** Data for processing **
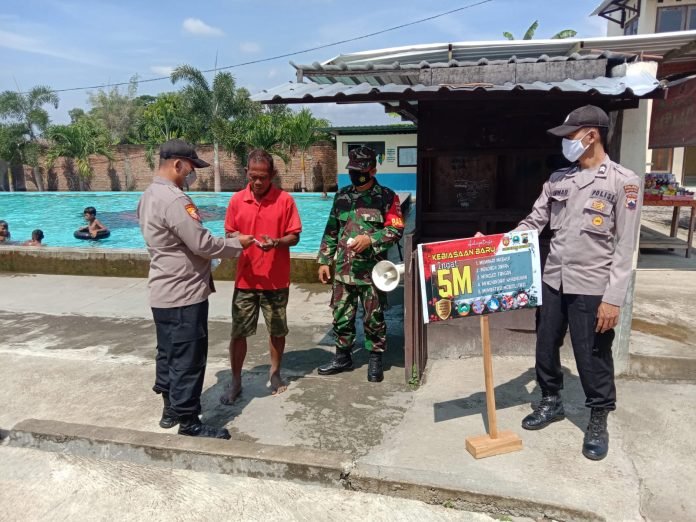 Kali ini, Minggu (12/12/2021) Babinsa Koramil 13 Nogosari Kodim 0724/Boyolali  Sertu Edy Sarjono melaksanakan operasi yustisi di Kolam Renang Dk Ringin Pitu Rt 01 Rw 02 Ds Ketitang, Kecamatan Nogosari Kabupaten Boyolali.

---

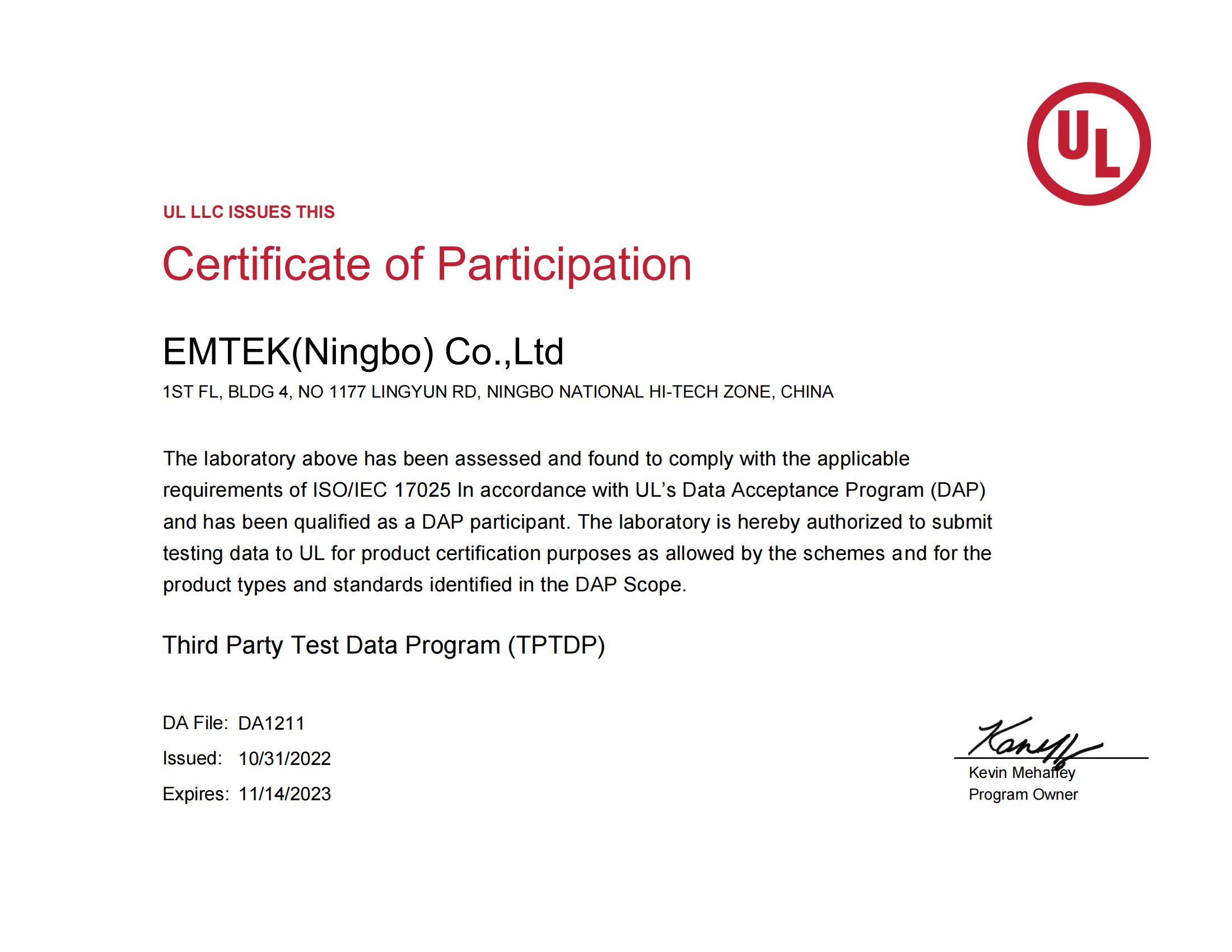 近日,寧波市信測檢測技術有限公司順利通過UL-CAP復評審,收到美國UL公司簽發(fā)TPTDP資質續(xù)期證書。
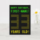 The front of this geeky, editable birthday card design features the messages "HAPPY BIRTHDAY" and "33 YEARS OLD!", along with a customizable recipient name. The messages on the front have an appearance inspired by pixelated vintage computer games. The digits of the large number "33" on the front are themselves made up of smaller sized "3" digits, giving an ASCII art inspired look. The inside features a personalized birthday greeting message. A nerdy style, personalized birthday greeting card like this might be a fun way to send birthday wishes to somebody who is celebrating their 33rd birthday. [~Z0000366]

* * *

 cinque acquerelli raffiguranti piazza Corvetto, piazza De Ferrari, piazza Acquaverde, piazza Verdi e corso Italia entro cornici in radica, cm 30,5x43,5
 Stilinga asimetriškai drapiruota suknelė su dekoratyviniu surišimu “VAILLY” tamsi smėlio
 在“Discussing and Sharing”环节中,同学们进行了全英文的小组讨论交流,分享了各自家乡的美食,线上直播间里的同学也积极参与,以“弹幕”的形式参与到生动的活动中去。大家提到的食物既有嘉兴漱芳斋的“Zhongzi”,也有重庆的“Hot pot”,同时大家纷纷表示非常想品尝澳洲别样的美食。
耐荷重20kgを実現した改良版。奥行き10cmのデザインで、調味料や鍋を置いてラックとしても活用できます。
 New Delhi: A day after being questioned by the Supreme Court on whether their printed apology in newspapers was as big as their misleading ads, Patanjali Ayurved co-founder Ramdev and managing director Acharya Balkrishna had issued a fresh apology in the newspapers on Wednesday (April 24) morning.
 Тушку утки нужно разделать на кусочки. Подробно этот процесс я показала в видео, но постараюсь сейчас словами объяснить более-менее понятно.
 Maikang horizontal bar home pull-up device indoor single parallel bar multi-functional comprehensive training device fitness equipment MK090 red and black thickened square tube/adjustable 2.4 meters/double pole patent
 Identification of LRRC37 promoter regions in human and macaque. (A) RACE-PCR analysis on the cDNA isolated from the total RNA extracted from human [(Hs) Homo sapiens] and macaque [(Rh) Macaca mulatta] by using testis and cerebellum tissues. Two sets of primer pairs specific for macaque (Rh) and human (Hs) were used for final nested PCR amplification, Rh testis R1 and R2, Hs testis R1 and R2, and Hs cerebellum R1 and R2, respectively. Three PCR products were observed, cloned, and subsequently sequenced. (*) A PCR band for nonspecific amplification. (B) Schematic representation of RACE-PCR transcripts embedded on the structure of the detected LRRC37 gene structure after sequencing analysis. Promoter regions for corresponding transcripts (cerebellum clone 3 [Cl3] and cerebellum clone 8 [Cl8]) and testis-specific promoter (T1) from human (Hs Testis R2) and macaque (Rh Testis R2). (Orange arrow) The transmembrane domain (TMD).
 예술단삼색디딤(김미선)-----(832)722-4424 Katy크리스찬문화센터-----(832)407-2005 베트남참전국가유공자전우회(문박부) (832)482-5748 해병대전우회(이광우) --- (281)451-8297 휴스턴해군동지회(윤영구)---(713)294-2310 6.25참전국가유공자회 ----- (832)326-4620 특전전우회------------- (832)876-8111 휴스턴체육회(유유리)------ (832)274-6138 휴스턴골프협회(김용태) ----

** Work instructions **
How many of the lines above contain the string "after"? Give the count alone.

** Output for this task **
2